Based on the research article, MGIE enables many different types of visual editing. You can ask him to add a lightning bolt to an image of a body of water and make the water reflect this lightning bolt; remove an object in the background of an image, such as a person who has accidentally photobombed; turn things into other things, like a plate of donuts into a pizza; escalate sharpness on a blurry object; remove text from an otherwise nice photo and take advantage of many other possibilities.
You can get an idea of how the technology will work by reading the full research paper, which includes examples of how the editor works; is available here.

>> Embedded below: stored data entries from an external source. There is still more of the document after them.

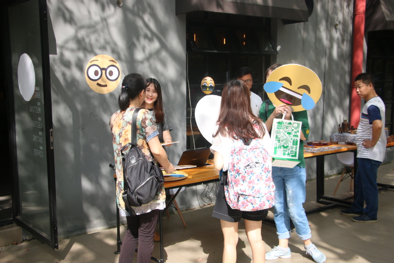 之后,新生们走到了我们精心布置的表情包主题街区,愉快的拍照留念,并参观了我们自主设计制作的纪念品。
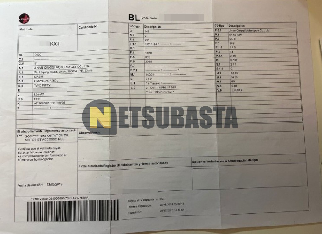 Recuerde que si lo desea, puede imprimir la ficha del vehículo Mash Two Fifty 250 2019 con todas sus características técnicas.
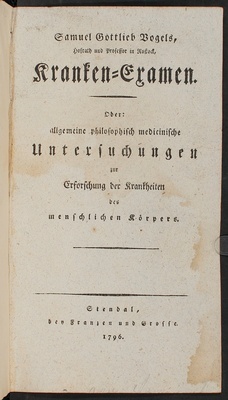 Samuel Gottlieb Vogels, Hofrath und Professor in Rostock, Kranken-Examen. Oder: allgemeine philosophisch medicinische Untersuchungen zur Erforschung der Krankheiten des menschlichen Körpers.
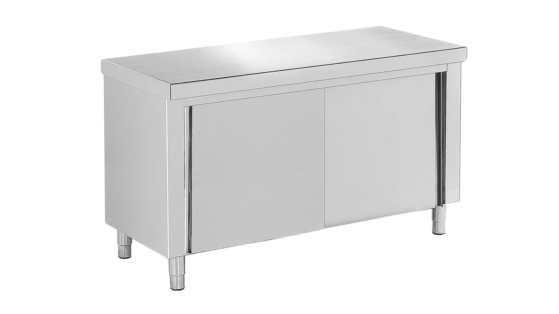 Cubierta fabricada en lámina de acero inoxidable 304 calibre 18. Cuerpo fabricado en lamina de acero inoxidable Cal.20. Presenta refuerzo omega en la parte inferior. Cuenta con puertas corredizas y entrepaño en lámina de acero inoxidable Ref 430 cal 20, niveladores de piso
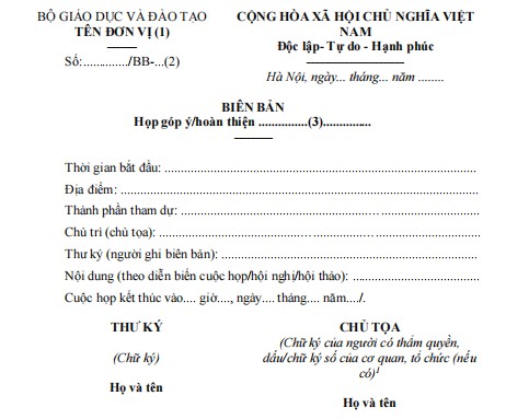 Trong hoạt động quản lý và điều hành tại các cơ sở giáo dục, biên bản họp luôn giữ vai trò quan trọng nhằm ghi nhận đầy đủ nội dung thảo luận, quyết nghị và trách nhiệm của từng thành viên tham dự. Theo quy định tại Thông tư số 29/2026/TT-BGDĐT, Mẫu số 06 về biên bản họp đã được ban hành để thống nhất cách trình bày, đảm bảo tính pháp lý và thuận tiện trong việc lưu trữ, tra cứu.
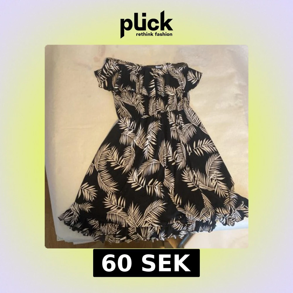 Snygg svart och vit klänning från Lindex med tropiskt bladmotiv. Klänningen har offshoulder-design och volangdetaljer vid fållen. Perfekt för sommarens varma dagar.
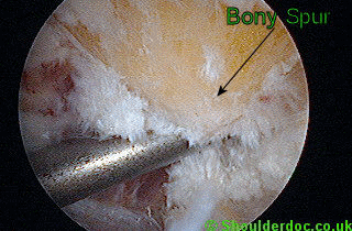 (Das erste Bild unten zeigt die offensichtliche Bildung eines Knochensporns, das zweite ist ein postoperatives Bild nach der Operation zur Entfernung des Knochensporns, der das Schulter-Impingement verursacht hat).
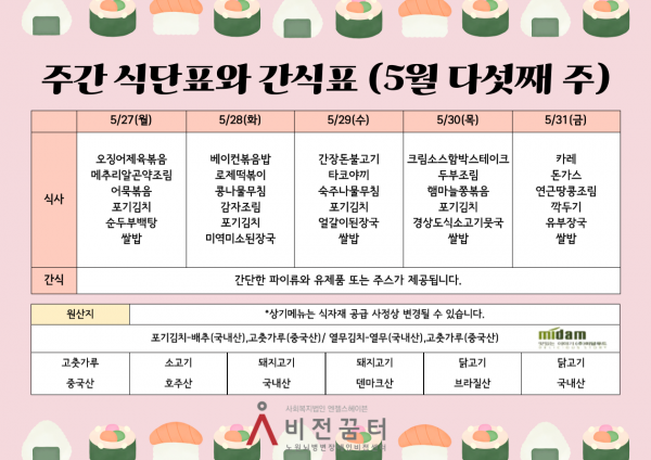 - 다음글주간 식단표와 간식표(5월 넷째 주) 24.05.21
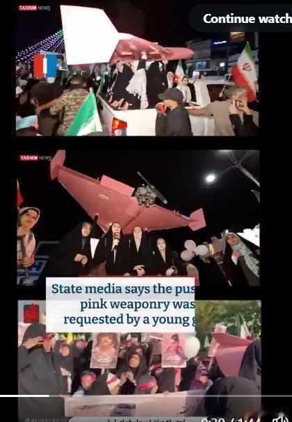 伊朗的粉色武器加上妇女头巾,极具视觉冲击力。
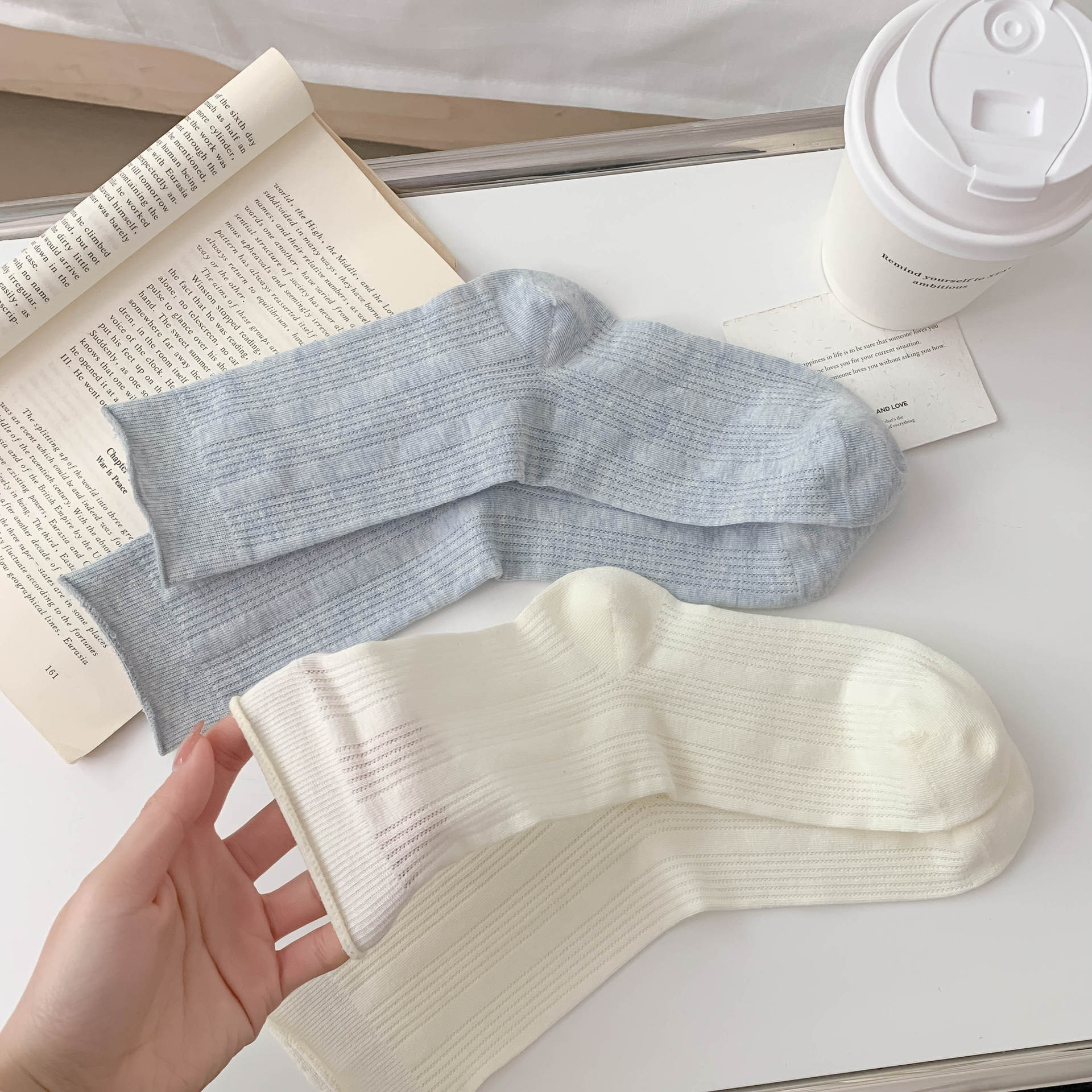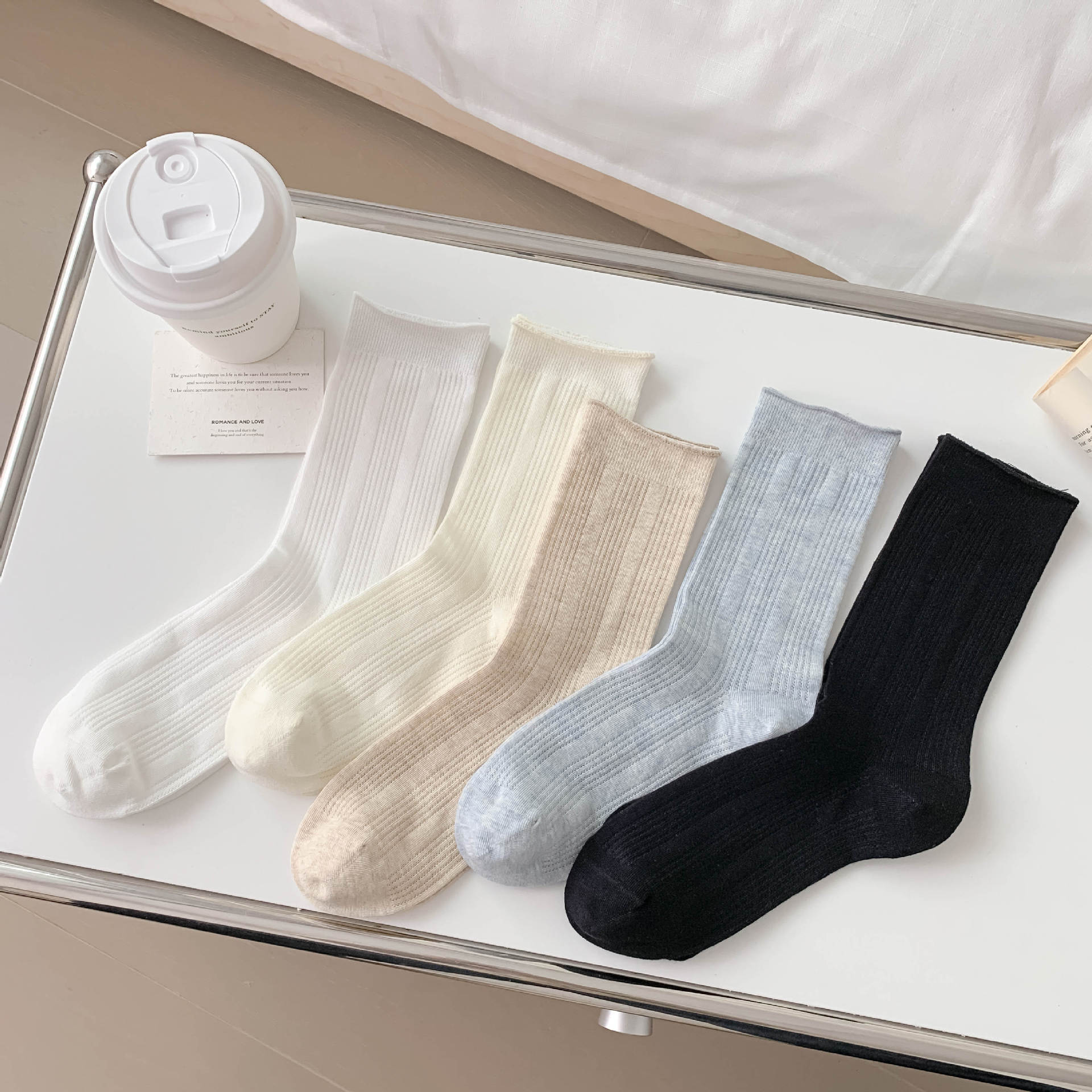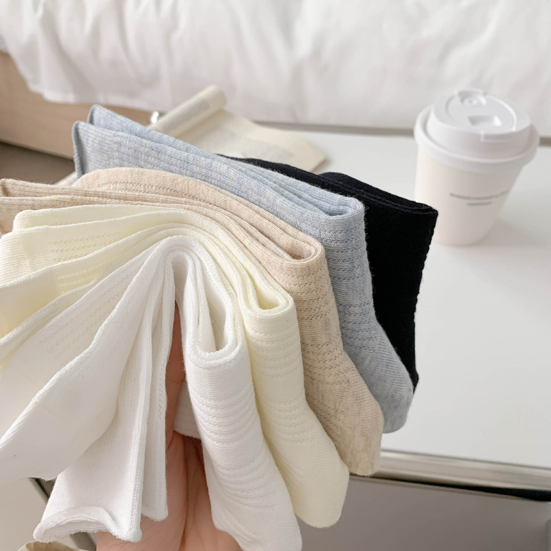 양말 여성의 봄과 여름 새로운 단색 수직 스트립 여성용 양말 간단한 Ins 유행 경량 통기성 메쉬 스택 양말

Of course, this is not the first employ of artificial intelligence in photo editing. Photoshop has tons of AI editing tools for some time now, including those generated based on user suggestions. But MGIE may be the most realized vision of a command-based AI image editor yet.
How to try Apple’s MGIE image editor yourself
Because the model is open source, anyone can download it and integrate it with their own tools. However, if you’re like me and don’t know where to start, you can give it a try this is a demo conducted by one of the project researchers. You can upload the image you want to edit, enter a command, and then process it.
However, right now the demo is backing up a sizable queue of requests. I am currently one of 237 and I believe this number may continue to grow as more and more people want to try this model.
It is unclear whether or how Apple will integrate MGIE into its own platforms. But if the company had a year to do so, it would definitely be 2024.